Task to complete » Copy out each line of the material that includes the word "from".

Supplied entries »
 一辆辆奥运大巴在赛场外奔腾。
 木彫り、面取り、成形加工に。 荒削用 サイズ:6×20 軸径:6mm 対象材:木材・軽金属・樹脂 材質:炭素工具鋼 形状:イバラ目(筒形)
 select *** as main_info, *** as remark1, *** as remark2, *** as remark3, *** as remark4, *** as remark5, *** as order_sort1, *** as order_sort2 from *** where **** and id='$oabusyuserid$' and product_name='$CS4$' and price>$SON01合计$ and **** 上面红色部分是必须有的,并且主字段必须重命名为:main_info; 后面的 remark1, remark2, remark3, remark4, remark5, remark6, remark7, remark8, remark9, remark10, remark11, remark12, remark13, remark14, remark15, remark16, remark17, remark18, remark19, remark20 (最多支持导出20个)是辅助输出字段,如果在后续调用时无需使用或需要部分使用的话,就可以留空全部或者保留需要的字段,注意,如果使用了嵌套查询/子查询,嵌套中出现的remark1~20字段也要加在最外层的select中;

==

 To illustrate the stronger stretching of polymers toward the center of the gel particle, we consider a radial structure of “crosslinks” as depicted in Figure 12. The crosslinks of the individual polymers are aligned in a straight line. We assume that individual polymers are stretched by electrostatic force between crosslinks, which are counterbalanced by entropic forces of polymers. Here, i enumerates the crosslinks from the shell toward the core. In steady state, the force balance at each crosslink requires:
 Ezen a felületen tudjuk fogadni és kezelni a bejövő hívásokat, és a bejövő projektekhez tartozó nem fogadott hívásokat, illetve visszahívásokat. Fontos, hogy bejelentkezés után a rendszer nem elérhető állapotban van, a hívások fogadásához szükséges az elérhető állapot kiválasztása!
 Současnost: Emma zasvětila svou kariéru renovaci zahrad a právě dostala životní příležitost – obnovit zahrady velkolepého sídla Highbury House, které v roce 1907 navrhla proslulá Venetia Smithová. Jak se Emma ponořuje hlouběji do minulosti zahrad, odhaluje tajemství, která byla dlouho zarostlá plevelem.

...

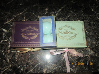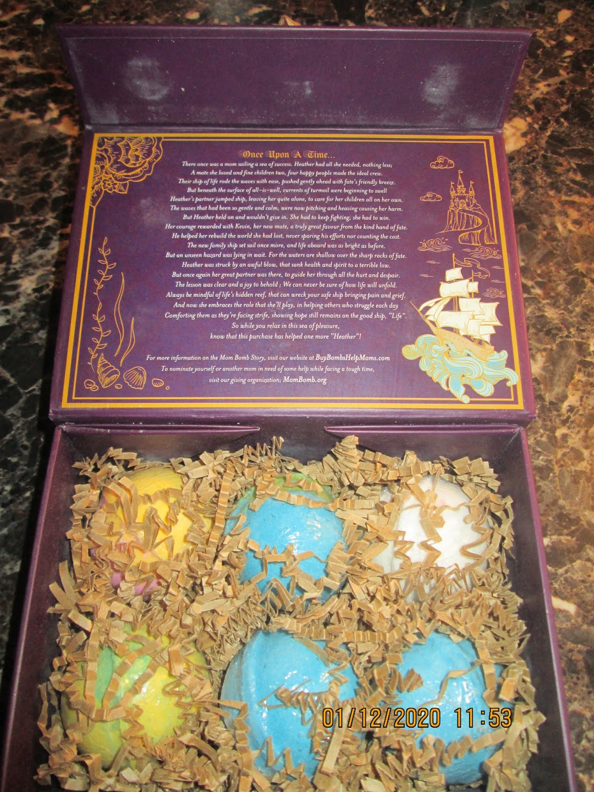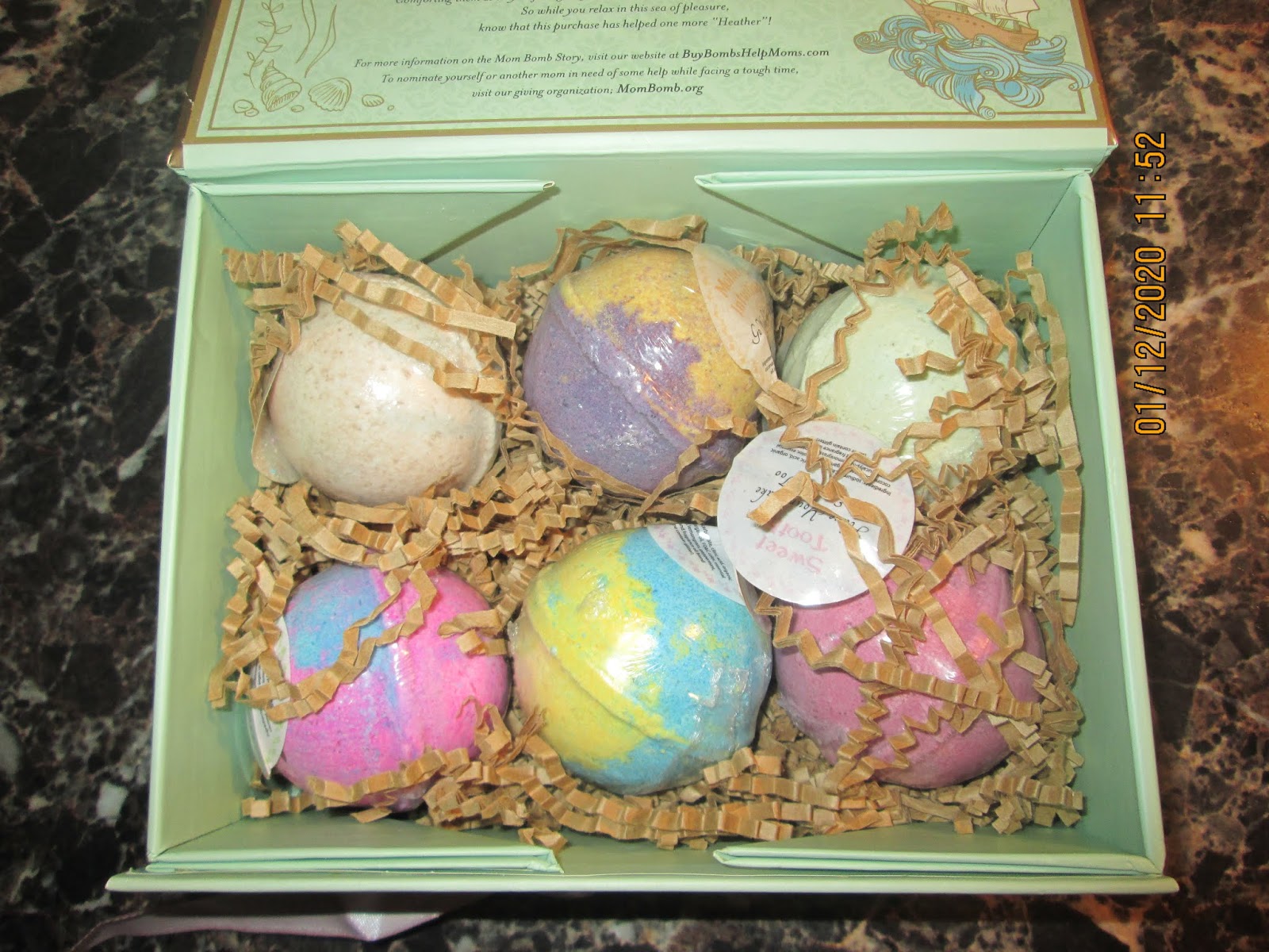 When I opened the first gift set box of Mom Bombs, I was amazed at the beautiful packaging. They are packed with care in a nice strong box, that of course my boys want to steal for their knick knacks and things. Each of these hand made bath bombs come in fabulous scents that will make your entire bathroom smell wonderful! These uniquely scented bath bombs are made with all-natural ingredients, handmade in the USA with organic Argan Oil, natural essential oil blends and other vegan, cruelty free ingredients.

Written response »
 select *** as main_info, *** as remark1, *** as remark2, *** as remark3, *** as remark4, *** as remark5, *** as order_sort1, *** as order_sort2 from *** where **** and id='$oabusyuserid$' and product_name='$CS4$' and price>$SON01合计$ and **** 上面红色部分是必须有的,并且主字段必须重命名为:main_info; 后面的 remark1, remark2, remark3, remark4, remark5, remark6, remark7, remark8, remark9, remark10, remark11, remark12, remark13, remark14, remark15, remark16, remark17, remark18, remark19, remark20 (最多支持导出20个)是辅助输出字段,如果在后续调用时无需使用或需要部分使用的话,就可以留空全部或者保留需要的字段,注意,如果使用了嵌套查询/子查询,嵌套中出现的remark1~20字段也要加在最外层的select中;
 To illustrate the stronger stretching of polymers toward the center of the gel particle, we consider a radial structure of “crosslinks” as depicted in Figure 12. The crosslinks of the individual polymers are aligned in a straight line. We assume that individual polymers are stretched by electrostatic force between crosslinks, which are counterbalanced by entropic forces of polymers. Here, i enumerates the crosslinks from the shell toward the core. In steady state, the force balance at each crosslink requires:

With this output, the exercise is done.